=== Input data ===

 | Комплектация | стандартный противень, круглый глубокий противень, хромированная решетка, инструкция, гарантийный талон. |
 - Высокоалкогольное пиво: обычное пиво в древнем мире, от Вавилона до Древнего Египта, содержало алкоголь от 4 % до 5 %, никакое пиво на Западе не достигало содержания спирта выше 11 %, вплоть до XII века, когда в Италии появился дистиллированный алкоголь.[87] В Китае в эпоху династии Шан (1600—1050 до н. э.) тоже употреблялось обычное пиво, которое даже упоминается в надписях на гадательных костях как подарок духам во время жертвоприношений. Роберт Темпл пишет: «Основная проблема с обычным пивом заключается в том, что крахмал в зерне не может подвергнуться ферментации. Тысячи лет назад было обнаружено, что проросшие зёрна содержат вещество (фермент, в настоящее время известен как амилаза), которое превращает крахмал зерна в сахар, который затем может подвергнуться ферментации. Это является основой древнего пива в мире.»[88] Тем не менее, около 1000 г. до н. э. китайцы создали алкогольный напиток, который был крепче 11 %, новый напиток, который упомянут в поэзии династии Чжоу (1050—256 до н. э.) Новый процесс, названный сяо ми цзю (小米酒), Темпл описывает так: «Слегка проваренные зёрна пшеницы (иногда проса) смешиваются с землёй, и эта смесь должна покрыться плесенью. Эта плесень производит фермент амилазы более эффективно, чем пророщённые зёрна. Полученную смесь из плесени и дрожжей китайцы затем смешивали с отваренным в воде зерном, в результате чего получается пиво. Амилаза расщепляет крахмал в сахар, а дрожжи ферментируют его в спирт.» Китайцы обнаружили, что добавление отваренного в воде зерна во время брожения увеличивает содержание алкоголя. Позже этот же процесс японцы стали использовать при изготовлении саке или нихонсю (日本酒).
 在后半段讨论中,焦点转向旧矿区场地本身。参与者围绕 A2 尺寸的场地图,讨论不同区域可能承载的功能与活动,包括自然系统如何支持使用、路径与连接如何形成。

===
=== Input data ===

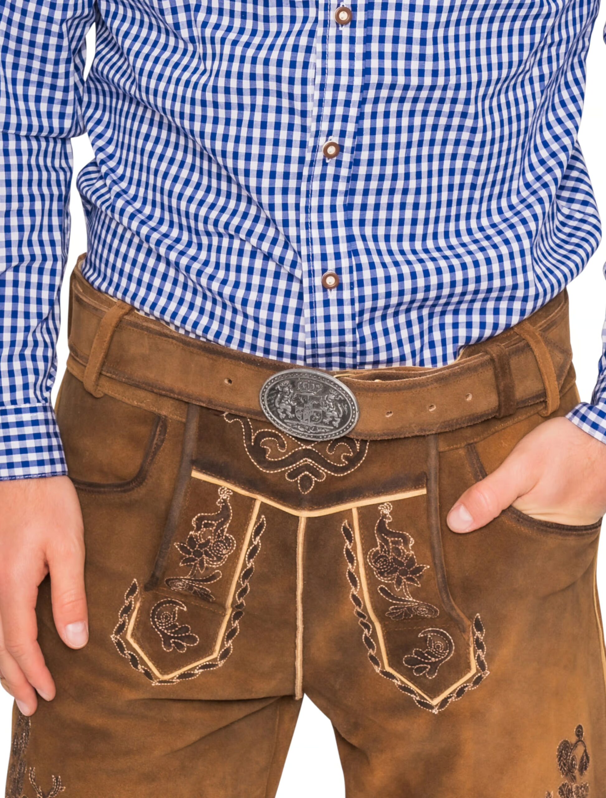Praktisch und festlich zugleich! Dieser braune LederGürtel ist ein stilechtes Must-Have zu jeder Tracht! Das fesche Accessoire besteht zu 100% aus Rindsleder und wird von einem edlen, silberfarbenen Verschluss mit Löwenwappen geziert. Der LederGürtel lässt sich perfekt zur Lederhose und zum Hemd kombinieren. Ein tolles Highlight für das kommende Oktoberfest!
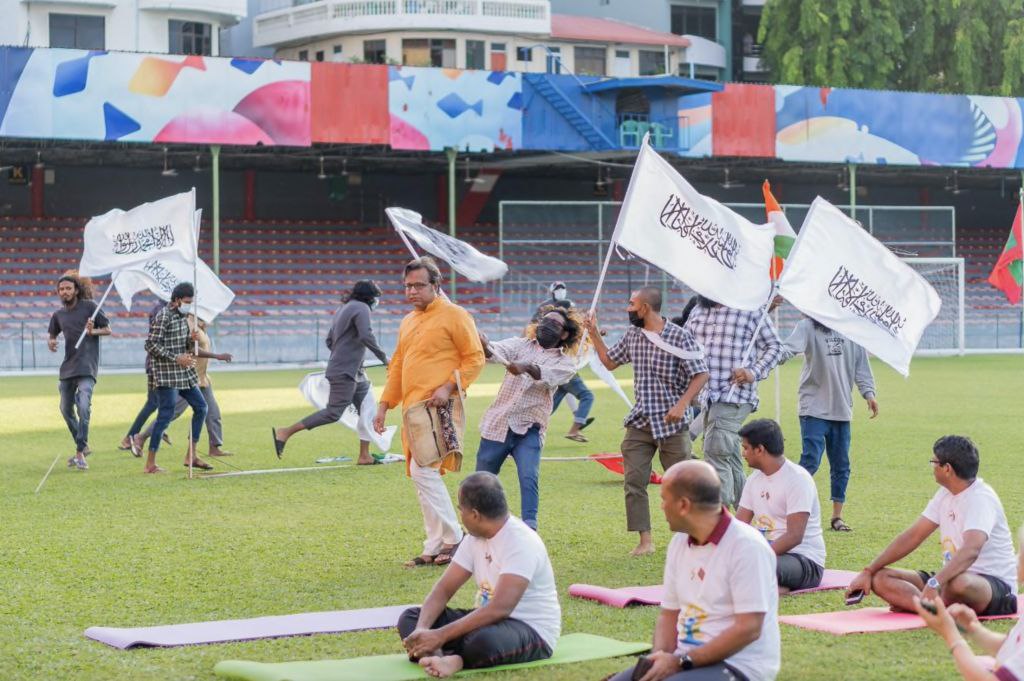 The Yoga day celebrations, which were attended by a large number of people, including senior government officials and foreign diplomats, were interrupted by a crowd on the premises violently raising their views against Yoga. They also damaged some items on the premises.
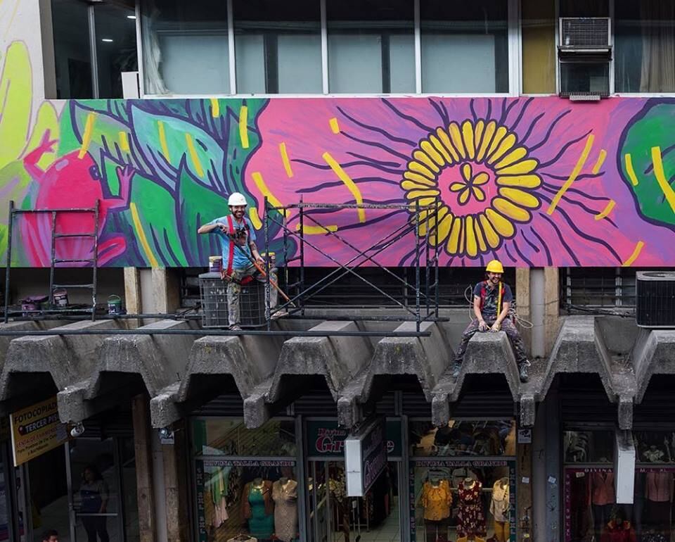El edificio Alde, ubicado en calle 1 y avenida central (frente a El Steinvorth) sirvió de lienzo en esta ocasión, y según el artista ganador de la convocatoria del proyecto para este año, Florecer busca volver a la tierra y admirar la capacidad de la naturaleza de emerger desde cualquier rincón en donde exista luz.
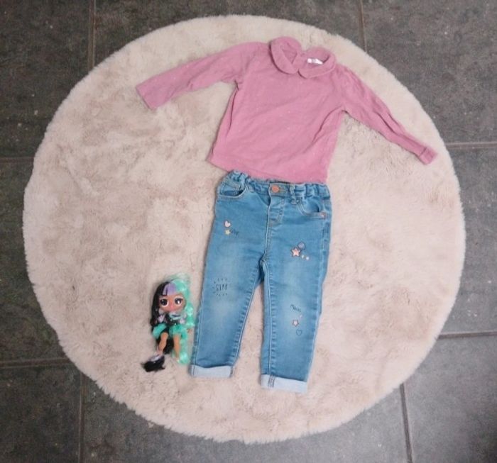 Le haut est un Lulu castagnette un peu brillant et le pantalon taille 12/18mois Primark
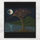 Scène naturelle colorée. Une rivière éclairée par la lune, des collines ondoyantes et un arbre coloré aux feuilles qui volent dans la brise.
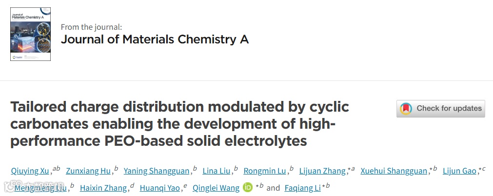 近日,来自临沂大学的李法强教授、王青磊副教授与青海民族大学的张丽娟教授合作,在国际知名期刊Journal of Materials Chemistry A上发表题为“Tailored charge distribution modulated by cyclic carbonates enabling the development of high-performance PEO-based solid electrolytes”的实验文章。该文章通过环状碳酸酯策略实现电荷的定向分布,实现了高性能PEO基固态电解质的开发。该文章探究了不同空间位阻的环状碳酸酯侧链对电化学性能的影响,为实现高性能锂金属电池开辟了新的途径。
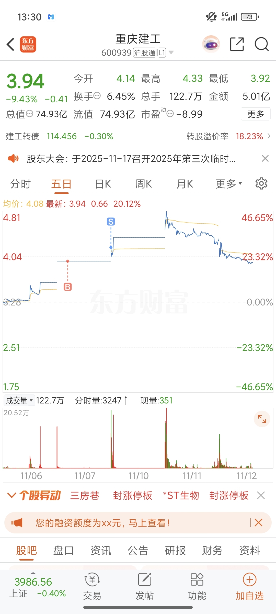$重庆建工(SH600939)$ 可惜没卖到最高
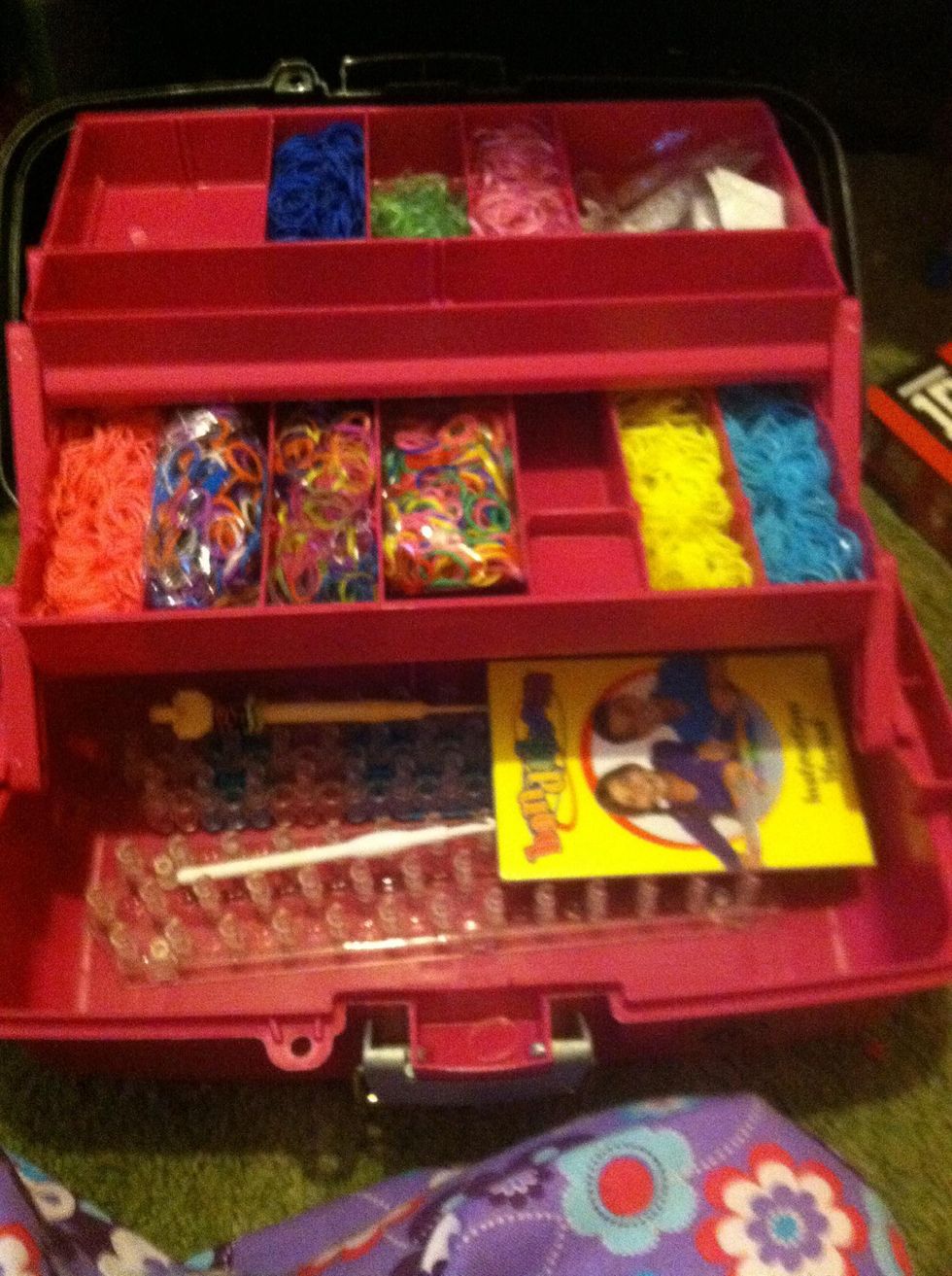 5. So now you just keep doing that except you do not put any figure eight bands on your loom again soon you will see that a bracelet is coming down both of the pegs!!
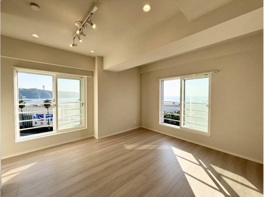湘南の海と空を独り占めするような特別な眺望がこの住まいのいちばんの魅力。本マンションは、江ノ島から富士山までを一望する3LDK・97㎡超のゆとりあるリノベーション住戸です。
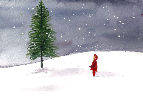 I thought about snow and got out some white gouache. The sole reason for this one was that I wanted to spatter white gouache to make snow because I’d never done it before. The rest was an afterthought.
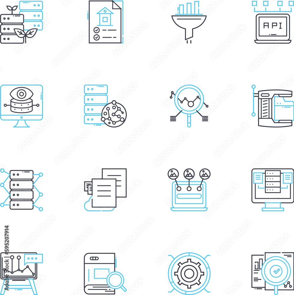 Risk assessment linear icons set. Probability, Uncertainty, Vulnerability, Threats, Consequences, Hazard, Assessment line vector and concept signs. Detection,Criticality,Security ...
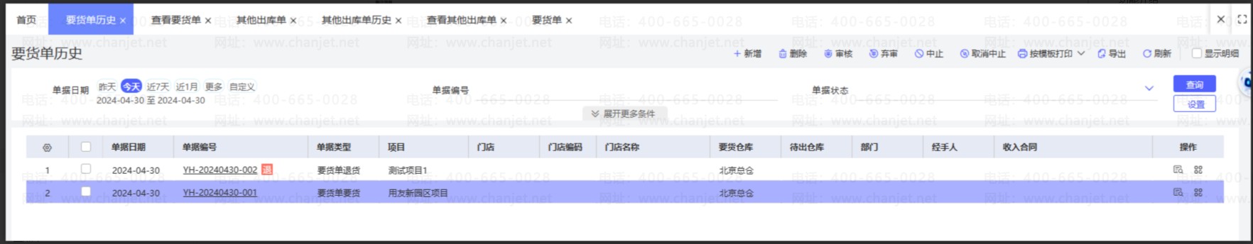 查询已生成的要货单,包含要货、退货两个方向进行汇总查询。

===

• [What to do] Take the entries above and copy exactly the lines starting at the one with "I thought about" and ending at the one with "查询已生成的要货单,包含要货、退货两个方向进行汇总查询。"; nothing outside that span, and no pictures.

• [Task result]
 I thought about snow and got out some white gouache. The sole reason for this one was that I wanted to spatter white gouache to make snow because I’d never done it before. The rest was an afterthought.
 Risk assessment linear icons set. Probability, Uncertainty, Vulnerability, Threats, Consequences, Hazard, Assessment line vector and concept signs. Detection,Criticality,Security ...
 查询已生成的要货单,包含要货、退货两个方向进行汇总查询。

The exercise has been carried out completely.